Pada dasarnya terapi eksistensialisme tidak memiliki teknik - teknik khusus yang berkaitan dengan proses terapi, Hal ini dikarenakan pendekatan ini bukanlah terapi yang berasal dari teori tunggal, melainkan terapi yang mengambil beberapa metode dari pendekatan yang lain dalam pelaksanaannya seperti Pendekatan Gestalt, Psikoanalis, Humanisme yang berupa asoasiasi bebas, transferensi, aktualisasi diri, dll.

Terapi eksistensi berusaha untuk mengesampingkan terlebih dahulu semua hipotesa, analisa dan berbagai klasifikasi. Terapi berupaya menolong klien untuk membebaskan dirinya dari ketakutan dan konflik-konflik yang menyebabkan ia tetap terbelakang dengan cara menemukan kekuatan atau kemauannya sendiri.

b. Proses Terapi Eksistensial

Fase awal, pada fase ini konselor (terapis) membantu klien dalam mengidentifikasi dan mengklasifikasikan asumsi mereka tentang dunia, klien diajak untuk mendefenisikan dan menanyakan tentang cara mereka memandang dan menjadikan eksistensi mereka bisa diterima. Bagi sebagian klien hal ini bukanlah hal yang mudah, oleh karena itu pada awalnya klien memaparkan problem mereka.

Fase kedua, klien didorong semangatnya untuk meneliti lebih dalam lagi mengenai sumber dan otoritas nilai mereka. Proses eksplorasi ini dapat memberikan klien pemahaman baru dan cita rasa yang lebih baik terhadap kehidupan yang mereka anggap lebih pantas.

Fase ketiga atau konseling eksistensial difokuskan untuk menolong klien agar bisa melaksanakan apa yang telah mereka pelajari tentang diri mereka sendiri. Sasaran terapi adalah memungkinkan klien untuk bisa mencari cara pengaplikasian nilai hasil penelitian dan internalisasi yang kongkrit.

c. Tahap Terapi Eksistensial

Terdapat beberapa tahap yang dapat dilakukan oleh terapis dalam terapi eksistensial antara lain :

1) Terapis menunjukkan kepada klien untuk meningkatkan kesadaran diri atas alternatif-alternatif, motivasi-motivasi, dan tujuan-tujuan pribadi. Serta menunjukkan bahwa harus ada pengorbanan untuk mewujudkan hal itu.

2) Terapis membantu klien dalam menemukan cara-cara klien menghindari penerimaan kebebasannya, dan mendorong klien belajar menanggung resiko atas keyakinannya terhadap akibat penggunaan kebebasannya.

3) Terapis membantu klien untuk membangkitkan keberaniannya mengakui ketakutannya, mengungkapkan ketakutannya, dan kemudian mengajak klien untuk tidak bergantung dengan orang lain secara neurotik.

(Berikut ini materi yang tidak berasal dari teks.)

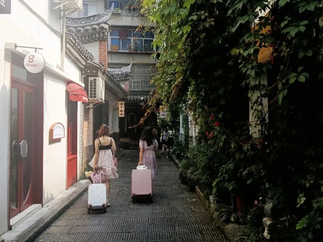 看见两个女生拖着箱子冲进巷子,突然感觉长沙的老巷子竟然有如此吸引力,顺手拍下这张照片(下图)。

4) Terapis membantu klien dalam menciptakan suatu sistem berlandaskan cara hidup yang konsisten.

5) Terapis membantu klien untuk menemukan makna hidupnya

6) Terapis membantu klien untuk mentoleransi segala bentuk ketakutan dan kecemasan sebagai bentuk pembelajaran yang penting dalam hidup

7) Terapis mendorong atau memotivasi kliennya untuk mewujudkan aktualisasi dirinya.[3]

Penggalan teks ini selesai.